• _What you need to do_: Copy out exactly the lines from the start of the data to the line containing "Saia Vila. Cor". Include both.

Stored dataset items
* * * *

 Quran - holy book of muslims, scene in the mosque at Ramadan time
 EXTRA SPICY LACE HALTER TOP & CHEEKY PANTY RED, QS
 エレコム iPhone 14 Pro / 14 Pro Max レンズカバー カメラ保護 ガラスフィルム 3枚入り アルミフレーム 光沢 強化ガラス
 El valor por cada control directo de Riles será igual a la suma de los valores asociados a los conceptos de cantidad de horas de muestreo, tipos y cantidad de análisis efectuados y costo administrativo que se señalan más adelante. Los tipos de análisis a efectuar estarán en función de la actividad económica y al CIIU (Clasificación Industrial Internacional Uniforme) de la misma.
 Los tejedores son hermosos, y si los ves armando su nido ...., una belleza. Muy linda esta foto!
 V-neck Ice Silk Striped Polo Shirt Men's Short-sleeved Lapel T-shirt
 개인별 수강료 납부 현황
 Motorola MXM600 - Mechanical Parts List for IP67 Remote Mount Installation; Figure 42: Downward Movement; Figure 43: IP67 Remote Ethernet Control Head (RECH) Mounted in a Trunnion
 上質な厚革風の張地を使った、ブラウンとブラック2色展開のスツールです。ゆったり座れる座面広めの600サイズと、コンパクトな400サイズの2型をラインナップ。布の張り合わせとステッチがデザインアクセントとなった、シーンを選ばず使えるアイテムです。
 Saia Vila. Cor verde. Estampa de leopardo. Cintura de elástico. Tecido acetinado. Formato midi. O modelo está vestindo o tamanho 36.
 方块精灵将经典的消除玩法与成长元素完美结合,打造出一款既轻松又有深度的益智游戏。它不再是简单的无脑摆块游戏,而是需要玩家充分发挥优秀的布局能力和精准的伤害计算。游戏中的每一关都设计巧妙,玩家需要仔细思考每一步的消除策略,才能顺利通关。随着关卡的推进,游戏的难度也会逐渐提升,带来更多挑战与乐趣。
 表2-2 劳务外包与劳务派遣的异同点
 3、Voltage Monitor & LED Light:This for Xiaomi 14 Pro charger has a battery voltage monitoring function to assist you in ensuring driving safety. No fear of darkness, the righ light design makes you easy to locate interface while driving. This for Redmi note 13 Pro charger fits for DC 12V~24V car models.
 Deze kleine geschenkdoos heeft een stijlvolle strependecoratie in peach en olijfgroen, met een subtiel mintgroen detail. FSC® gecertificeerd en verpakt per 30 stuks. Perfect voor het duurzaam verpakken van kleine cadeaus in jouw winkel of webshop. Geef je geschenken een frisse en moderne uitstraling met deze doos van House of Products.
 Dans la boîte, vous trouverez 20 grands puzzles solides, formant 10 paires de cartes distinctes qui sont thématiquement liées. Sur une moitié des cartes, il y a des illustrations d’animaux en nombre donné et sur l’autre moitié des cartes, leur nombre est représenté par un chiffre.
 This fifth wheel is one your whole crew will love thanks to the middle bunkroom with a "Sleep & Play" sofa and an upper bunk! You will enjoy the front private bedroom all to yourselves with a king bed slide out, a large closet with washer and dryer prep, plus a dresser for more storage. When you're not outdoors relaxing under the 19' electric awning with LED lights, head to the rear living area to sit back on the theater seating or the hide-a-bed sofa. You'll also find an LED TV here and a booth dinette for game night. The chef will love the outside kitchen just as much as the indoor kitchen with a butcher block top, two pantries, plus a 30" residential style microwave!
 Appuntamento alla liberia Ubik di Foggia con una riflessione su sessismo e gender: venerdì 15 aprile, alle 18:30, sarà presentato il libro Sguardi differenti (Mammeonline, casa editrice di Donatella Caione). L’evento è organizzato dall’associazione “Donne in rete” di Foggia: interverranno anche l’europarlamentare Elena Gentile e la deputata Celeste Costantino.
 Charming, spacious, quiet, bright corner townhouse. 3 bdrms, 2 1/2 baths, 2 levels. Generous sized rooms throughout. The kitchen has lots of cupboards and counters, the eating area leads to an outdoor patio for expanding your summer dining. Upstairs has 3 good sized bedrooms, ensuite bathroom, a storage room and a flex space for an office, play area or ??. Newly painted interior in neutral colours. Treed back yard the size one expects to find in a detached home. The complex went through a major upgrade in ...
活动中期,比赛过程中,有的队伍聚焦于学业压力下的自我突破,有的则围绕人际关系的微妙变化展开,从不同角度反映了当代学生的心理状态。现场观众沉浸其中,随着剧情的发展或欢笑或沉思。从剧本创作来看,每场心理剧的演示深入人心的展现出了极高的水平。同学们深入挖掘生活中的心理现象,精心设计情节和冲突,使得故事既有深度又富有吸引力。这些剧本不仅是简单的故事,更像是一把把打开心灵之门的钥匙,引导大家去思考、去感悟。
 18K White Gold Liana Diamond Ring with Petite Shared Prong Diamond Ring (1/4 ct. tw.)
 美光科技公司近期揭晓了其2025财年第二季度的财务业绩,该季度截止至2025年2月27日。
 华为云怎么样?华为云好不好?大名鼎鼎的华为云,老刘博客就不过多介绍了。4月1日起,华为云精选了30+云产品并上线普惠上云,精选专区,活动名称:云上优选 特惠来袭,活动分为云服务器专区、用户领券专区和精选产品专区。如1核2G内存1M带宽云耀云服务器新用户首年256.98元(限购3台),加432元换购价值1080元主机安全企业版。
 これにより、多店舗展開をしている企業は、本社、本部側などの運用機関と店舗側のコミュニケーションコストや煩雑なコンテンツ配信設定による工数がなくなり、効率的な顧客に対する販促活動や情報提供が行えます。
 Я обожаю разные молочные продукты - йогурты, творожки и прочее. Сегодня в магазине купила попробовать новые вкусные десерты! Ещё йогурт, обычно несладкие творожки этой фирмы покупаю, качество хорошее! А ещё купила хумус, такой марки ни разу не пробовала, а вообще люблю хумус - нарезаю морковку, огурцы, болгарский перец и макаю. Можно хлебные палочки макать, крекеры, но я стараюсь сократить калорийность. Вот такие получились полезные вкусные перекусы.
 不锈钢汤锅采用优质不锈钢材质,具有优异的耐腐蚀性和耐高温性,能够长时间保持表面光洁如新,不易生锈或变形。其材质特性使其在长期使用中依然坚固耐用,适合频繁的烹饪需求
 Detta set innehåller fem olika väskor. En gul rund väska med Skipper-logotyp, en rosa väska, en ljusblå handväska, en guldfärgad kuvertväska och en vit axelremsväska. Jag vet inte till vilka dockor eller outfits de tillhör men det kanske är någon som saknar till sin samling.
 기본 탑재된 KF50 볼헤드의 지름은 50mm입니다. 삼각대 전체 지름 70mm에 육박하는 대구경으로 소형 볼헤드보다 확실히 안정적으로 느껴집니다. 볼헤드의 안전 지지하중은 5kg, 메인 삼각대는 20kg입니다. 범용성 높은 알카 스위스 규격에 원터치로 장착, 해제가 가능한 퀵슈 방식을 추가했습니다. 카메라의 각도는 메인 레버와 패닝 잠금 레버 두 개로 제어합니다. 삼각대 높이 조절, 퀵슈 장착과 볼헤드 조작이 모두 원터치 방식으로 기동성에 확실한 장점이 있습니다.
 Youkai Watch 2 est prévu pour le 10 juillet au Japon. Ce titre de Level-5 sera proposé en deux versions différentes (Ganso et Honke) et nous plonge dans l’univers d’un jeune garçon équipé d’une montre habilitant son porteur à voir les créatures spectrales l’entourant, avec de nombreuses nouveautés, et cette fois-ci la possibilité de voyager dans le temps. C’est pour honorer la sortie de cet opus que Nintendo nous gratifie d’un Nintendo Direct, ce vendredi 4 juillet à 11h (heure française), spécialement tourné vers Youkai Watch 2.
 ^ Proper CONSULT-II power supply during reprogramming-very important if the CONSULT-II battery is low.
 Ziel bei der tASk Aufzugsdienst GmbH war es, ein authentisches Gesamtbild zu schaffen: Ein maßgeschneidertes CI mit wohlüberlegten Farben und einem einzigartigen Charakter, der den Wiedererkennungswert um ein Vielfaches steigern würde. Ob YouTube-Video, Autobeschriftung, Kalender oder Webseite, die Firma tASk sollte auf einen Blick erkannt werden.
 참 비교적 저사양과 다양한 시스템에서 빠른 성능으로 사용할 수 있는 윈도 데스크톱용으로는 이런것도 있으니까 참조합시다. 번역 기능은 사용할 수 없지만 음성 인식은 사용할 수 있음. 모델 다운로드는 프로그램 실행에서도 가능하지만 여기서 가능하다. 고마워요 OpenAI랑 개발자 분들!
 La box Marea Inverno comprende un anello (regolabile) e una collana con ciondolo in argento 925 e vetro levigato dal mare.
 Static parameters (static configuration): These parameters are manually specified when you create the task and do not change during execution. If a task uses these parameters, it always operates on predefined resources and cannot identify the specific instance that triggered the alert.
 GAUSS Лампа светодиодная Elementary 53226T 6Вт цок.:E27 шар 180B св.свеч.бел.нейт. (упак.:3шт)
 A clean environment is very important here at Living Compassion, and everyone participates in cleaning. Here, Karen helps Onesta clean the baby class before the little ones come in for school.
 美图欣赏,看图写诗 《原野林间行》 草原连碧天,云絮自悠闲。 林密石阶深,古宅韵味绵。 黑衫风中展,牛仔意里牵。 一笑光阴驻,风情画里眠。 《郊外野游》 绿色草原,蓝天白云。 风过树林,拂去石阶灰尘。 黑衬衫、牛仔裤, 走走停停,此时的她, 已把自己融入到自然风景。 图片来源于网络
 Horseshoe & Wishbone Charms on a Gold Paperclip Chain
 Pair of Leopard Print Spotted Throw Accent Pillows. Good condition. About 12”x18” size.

* * * *

• _Output_:
 Quran - holy book of muslims, scene in the mosque at Ramadan time
 EXTRA SPICY LACE HALTER TOP & CHEEKY PANTY RED, QS
 エレコム iPhone 14 Pro / 14 Pro Max レンズカバー カメラ保護 ガラスフィルム 3枚入り アルミフレーム 光沢 強化ガラス
 El valor por cada control directo de Riles será igual a la suma de los valores asociados a los conceptos de cantidad de horas de muestreo, tipos y cantidad de análisis efectuados y costo administrativo que se señalan más adelante. Los tipos de análisis a efectuar estarán en función de la actividad económica y al CIIU (Clasificación Industrial Internacional Uniforme) de la misma.
 Los tejedores son hermosos, y si los ves armando su nido ...., una belleza. Muy linda esta foto!
 V-neck Ice Silk Striped Polo Shirt Men's Short-sleeved Lapel T-shirt
 개인별 수강료 납부 현황
 Motorola MXM600 - Mechanical Parts List for IP67 Remote Mount Installation; Figure 42: Downward Movement; Figure 43: IP67 Remote Ethernet Control Head (RECH) Mounted in a Trunnion
 上質な厚革風の張地を使った、ブラウンとブラック2色展開のスツールです。ゆったり座れる座面広めの600サイズと、コンパクトな400サイズの2型をラインナップ。布の張り合わせとステッチがデザインアクセントとなった、シーンを選ばず使えるアイテムです。
 Saia Vila. Cor verde. Estampa de leopardo. Cintura de elástico. Tecido acetinado. Formato midi. O modelo está vestindo o tamanho 36.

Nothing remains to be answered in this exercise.